Lathrop et al. v. Town of Monkton, 2014 VT 9.
There are two certainties in life: death and taxes. For the second, every town in Vermont has, to the chagrin of landowners, a posse of listers ready to mount up and find ways to increase property assessment values, but for those who think they can out run such Ox-Bow incidents, there lies another certainty to contend with: the tax appeal.
One of the creative ways that the Town of Monkton has to extract value out of properties is to tax land for the potential that it has for “subdivision and further development.” In 2011, when the underlying appeals in today’s case were taken, a landowner in Monkton could subdivide his property if it: 1) was naturally divided by a road; 2) contained multiple contiguous lots created by deed before zoning was introduced in 1978; or 3) had a subdivision permit from the Development Review Board. Categories one and two are taxed as having one house site. Category three is taxed as having the potential for two or more house sites.
As you might imagine, the appellant taxpayers in this case all had subdivision permits and were handed an uncomfortable tax bill for multiple house sites even though their parcel only had one actual house site.
The Monkton Board of Civil Authority denied taxpayers’ appeals of their 2011 assessments. Taxpayers appealed to the state appraiser. During the proceedings, one taxpayer refused to produce documents the Town requested, claiming they were in the public record and did not need to be submitted in advance of the hearing. Even though he could have, the appraiser did not dismiss Norris’ appeal. Instead he gave the Town opportunity to respond and submit comments after it reviewed Norris’ documents at the hearing.

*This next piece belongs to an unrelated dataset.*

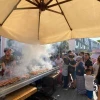 Adana'da bir güzellik merkezi sahibi, 1 tonluk dana kesip iş yerinin önünde dev mangal kurup vatandaşlara kebap ziyafeti çektirdi.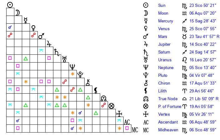 | Sun | 23 Scorpio 50 | 24 Scorpio 35 | 1 Aquarius 56 |

After the hearing, the state appraiser reversed the assessments in favor of taxpayers. He found the Town’s distinction between the subdivision permit parcels and the road or contiguous lot parcels to be arbitrary, and determined that the Town was not treating all properties in the Town fairly or equitably. The Town appealed to the SCOV.

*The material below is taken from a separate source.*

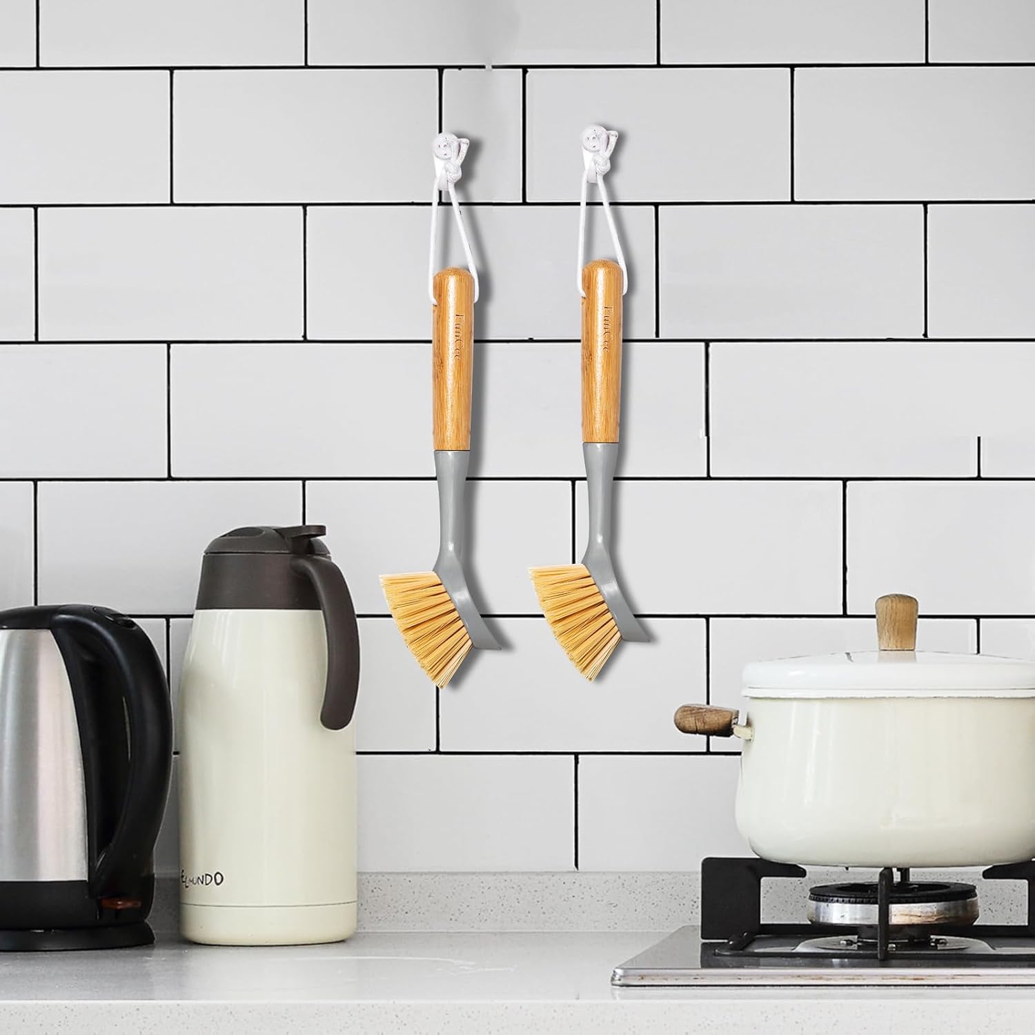 • [Eco-Friendly] This kitchen brush built with sturdy eco-friendly and comfortable natural bamboo handle, non-scratch and odorless bristles. The Kitchen brush with scraper scrub brush head, can easily removes stuck-on food, and dish scrubber’s handle has hanging loop for hanging to drying & storage.

On appeal, the Town asks the SCOV to determine two things: whether the appraiser’s decision to not sanction taxpayer Norris should be reversed, and whether the appraiser erred in determining that taxpayers were treated unequally.
On the first issue, the SCOV makes a quick conclusion: yes, the appraiser could have and probably should have sanctioned Norris and dismissed his appeal, but it won’t reverse the appraiser. It doesn’t matter whether documents are public records, a taxpayer has to disclose all relevant documents in an appeal. But it was not an abuse of the appraiser’s discretion to let the Town comment on Norris’ documents after the hearing rather than dismiss the appeal.
On the second issue, the SCOV has to dig into some constitutional law. Property taxes must be “uniformly assessed”—no taxpayer should be required to pay more than his share of the tax burden. Case law dictates that this is accomplished by listing properties at fair market value, which is based on the “highest and best use” of the property. Whether or not a property has potential to be developed into more than one lot is something listers can consider when assigning a property value.
The problem is that the first two categories of subdividable land in Monkton—naturally divided by a road, or contiguous parcels conveyed before 1978—are not taxed for multiple lot value, whereas the third category—parcels that have a subdivision permit—is taxed for multiple lot value. According to taxpayers this resulted in unequal treatment of properties that were otherwise similarly-situated, in violation of the Equal Protection Clause of the federal Constitution, and the Proportional Contribution Clause of the Vermont Constitution.
The standard the SCOV applies to this question is a modified form of the familiar rational basis standard: a classification of taxpayers will be upheld if it is reasonably related to the purpose for which it was established, it is fairly and equally applied among similarly-situated classes of taxpayers, and the town had “any reasonable policy or purpose” for making the classification.
The SCOV concludes that the Town had a rational basis for making the distinction at issue here. True, all three types of parcels could potentially be sold as subdivided lots. But parcels that already have subdivision permits can be safely assumed to be ready for subdivision. The permittee has already gone through the process of determining exactly how many home sites can be carved out of the parcel, demonstrating that subdivision is the “highest and best use” of the property. A permittee can also demonstrate that, despite the permit, the property lacks development value, so it is possible to challenge the assumption.
By contrast, road-divided or contiguous parcels, while potentially subdividable, have not been demonstrated to be so, and may in fact not be. The SCOV gives an example of a lot that is in part unbuildable, too small, or landlocked. It is not necessarily true with these parcels that subdivision is the “highest and best use” of the property. The Town had a rational basis for making this distinction, the SCOV concludes, and it is reasonably related to its purpose, even if it appears to unfairly target subdivision permittees.
This is technically referred to as the SCOV cutting the municipality some slack, but it is fully consistent with the SCOV’s recent case law in this area that has affirmed the right of listers to mount up and use some creativity and statutorily sustained cunning to bring in the tax dollars equivalent to the highest and best use. Hi ho, and away!